CHEM134 C001 Final Exam – Spring 2026 Comprehensive Questions and Answers Study Guide

CHEM134 C001 Final Exam | Questions and
Answers – Spring 2026 | 92% Scored.

SECTION 1: CHEMICAL BONDING & MOLECULAR GEOMETRY (8 Questions)


Q1: Which of the following molecules has a Lewis structure that violates the octet
rule?

A. CO2
B. NH3

C. PCl5

D. CH4

Correct Answer: C

Rationale: Correct because phosphorus in PCl5 has 10 valence electrons (5
bonding pairs), exceeding the octet rule; period 3 elements like P can utilize
empty d orbitals to accommodate expanded octets, unlike period 2 elements that
strictly obey the octet rule.



Q2: What is the formal charge on the central sulfur atom in the best resonance
structure of SO2?
A. +2

B. 0

C. -1

D. +1

Correct Answer: B
Rationale: Correct because formal charge = valence electrons - (nonbonding + ½
bonding) = 6 - (2 + ½(6)) = 6 - 5 = 0; the resonance structures with one double
bond and one single bond to oxygen give sulfur a formal charge of zero,
matching the lowest energy arrangement.

,Q3: According to VSEPR theory, what is the molecular geometry of SF4?

A. Tetrahedral

B. See-saw

C. Square planar
D. Trigonal bipyramidal

Correct Answer: B

Rationale: Correct because SF4 has five electron domains (four bonding pairs
and one lone pair) around sulfur, giving a trigonal bipyramidal electron geometry;
with one lone pair occupying an equatorial position to minimize repulsion, the
molecular geometry is see-saw per VSEPR theory predictions.

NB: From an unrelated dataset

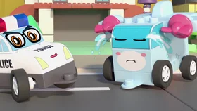 Кики пролетела между зданиями на большой скорости, притворившись, что не слышит предупреждения Младшего Крана. И приземлилась прямо на перекрестке, вызвав большую пробку. Капитан Форс наругал ее и Кики расплакалась. Хэппи попросил машинки воспользоваться ЧиЧи Силой, чтобы сделать для Кики взлетную полосу.

Q4: Which molecule is nonpolar despite containing polar bonds?
A. H2O

B. NH3

C. CCl4

D. CHCl3

Correct Answer: C

Rationale: Correct because CCl4 has four identical C-Cl bond dipoles arranged
tetrahedrally at 109.5° angles; the vector sum of these symmetrically oriented
polar bonds cancels completely, resulting in zero net dipole moment and a
nonpolar molecule despite polar individual bonds.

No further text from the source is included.